The Dynamics of Canine Social Structures

(Originally written for DogWatch, a newsletter for the general public from the Cornell University College of Veterinary Medicine)

My dog, Crisco, and I just moved into a house owned by a friend who also owns a dog, Radar. Both dogs are neutered males of about the same size and age, but Crisco is a wimp. Radar keeps trying to jump on Crisco and I keep stopping him because I don’t want him to hurt my dog. My housemate insists I’m only making things worse. Who’s right?

Watching dogs wrangle to work out a stable social can frazzle our nerves to the point we feel driven to abort the process any way we can. And nowhere do we feel more driven to do this than when our own dog seems likely to get the worst of it. Even so, it may make sense to resist that urge for several very sound canine behavioral reasons.

First,  dogs need a stable social structure to feel comfortable. And dogs establish that stable structure via ritualized behaviors designed to conserve energy and keep the peace. For example, if Radar wants to be leader he may place his front paws on Crisco’s shoulders to signal his dominance. If Crisco goes down, rolls over, exposes his abdomen, and maybe even urinates, he signals his willingness to accept a subordinate position and that ends it.

Although Crisco’s response may break his owner’s heart, consider what happens if he doesn’t go down. Under those circumstances, he and Radar most likely will fight until one dog manages to pin the other to the ground, i.e, forces him to assume that subordinate posture.

Owners or other people who try to interfere with this natural and essential peace-keeping process make life more difficult for their pets on two fronts. One: they force their dogs to live in an unstable mental environment relative to each other. This creates tension and stress that may undermine the animals’ behavioral and/or physical health. Two: human interference feeds more energy into the process. While initially Crisco and Radar  were willing to circle, sniff, and otherwise exchange more subtle body language cues to communicate their status and possibly head off a fight, the awareness that someone may try to stop them may propel them immediately into the fight mode.

As if all this weren’t bad enough, people who yell at, hit, squirt, or otherwise try to break up fighting dogs also may incite their pets to put more energy into their displays than the dogs would if left alone. This occurs because canine rank-establishing and predatory behaviors occur on the same continuum, with the former being a less energetic version of the latter. If Crisco’s owner feeds a lot of sound, motion, and other stimuli into the process, she may drive two dogs engaged in  lower-energy ritualistic displays for rank into harder-mouthed predatory ones during which the animals sink their teeth into each other deeply.

Such owner input also may precipitate even more disaster if Crisco perceives his owner as his valuable possession. Under those circumstances, and wimp though he may be, he may interpret her distress as a reason to attack Radar even more fiercely to protect his owner. If she tries to pull Crisco off Radar, she stands a good chance of being bitten by her own pet who would, quite rightfully, view this as gross insubordination on her part.
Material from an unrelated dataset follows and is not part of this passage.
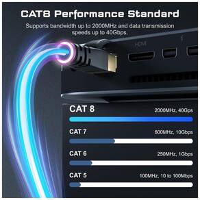 F , FTP Velocidade O cabo Ethernet Cat8 é feito de 4 pares blindados F , FTP e fios OFC de fio único 26AWG que suporta largura de banda de até 2.000 MHz e aumenta a velocidade de transmissão de dados em 40 bits Gbps. Com uma blindagem adicional, Cat8 pode reduzir qualquer interferência de sinal em toda a extensão. Permite que você faça stream de vídeos HD, música, navegue na internet, jogue e alta velocidade. Design premium com grande qualidade
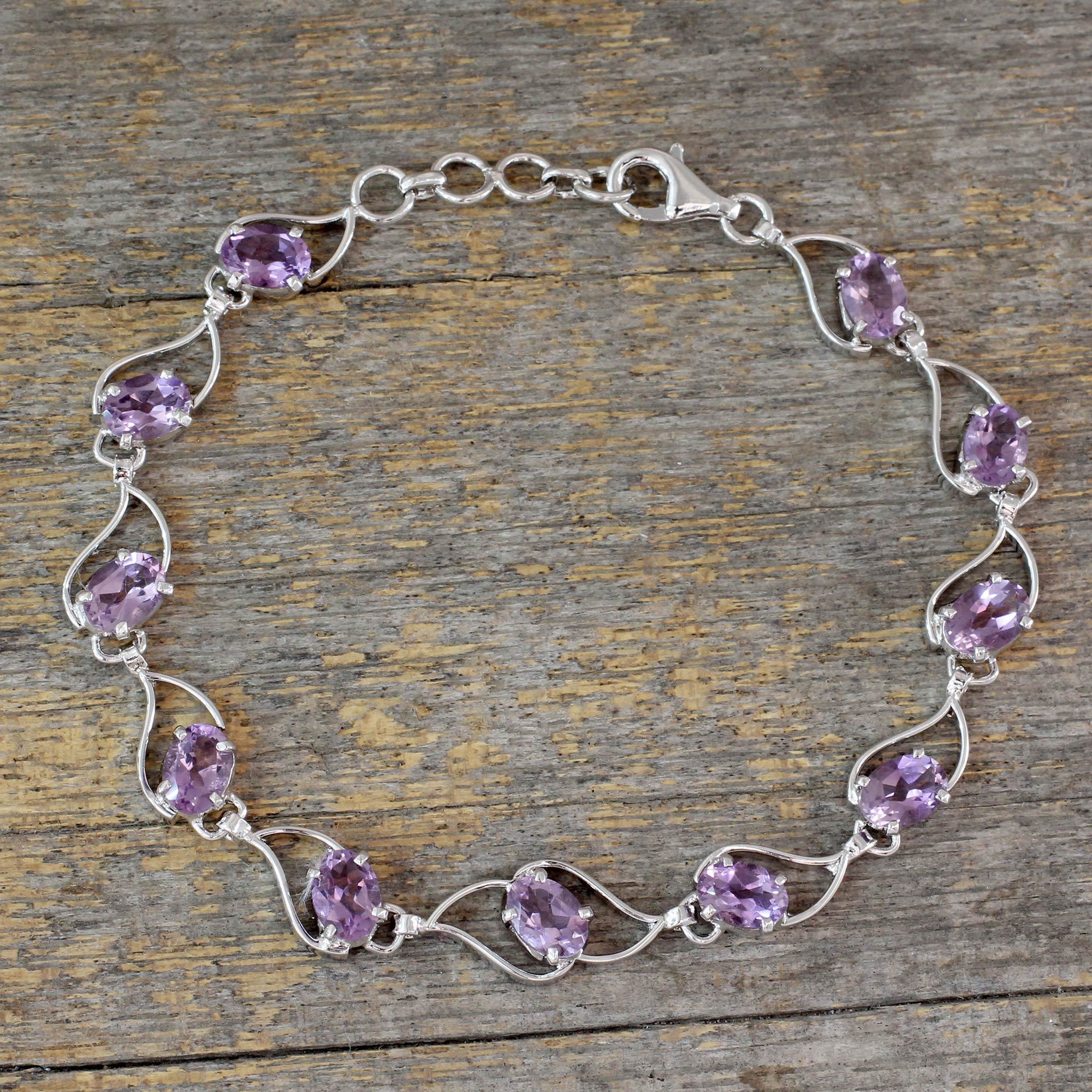 Eleven sparkling carats of lilac amethyst ride the waves in this original link bracelet from Alok Jain. The bracelet is crafted of sterling silver with a gleaming rhodium plated finish. It closes with a lobster claw clasp.

So what should owners do when their dog fights with other dogs? Ideally they should stay out of it, especially if they know the dog takes a proprietary view of them. If human emotions negate doing that, one strategy involves observing the fight long enough to determine who’s getting the worst of it and yanking the loser’s hind legs out from under him. Because the dogs are fighting to determine rank, helping the winner assert his position can shorten that process.

But this often may be easier said that done for multiple reasons. A big one is that those who don’t recognize the vital role a stable social structure plays in canine well-being may see sticking up for the underdog as the only caring response to a dog fight. However once we realize what a wonderful energy-conserving, peace-keeping system those canine scuffles represent, we can respond in a manner that will enhance rather than undermine this process.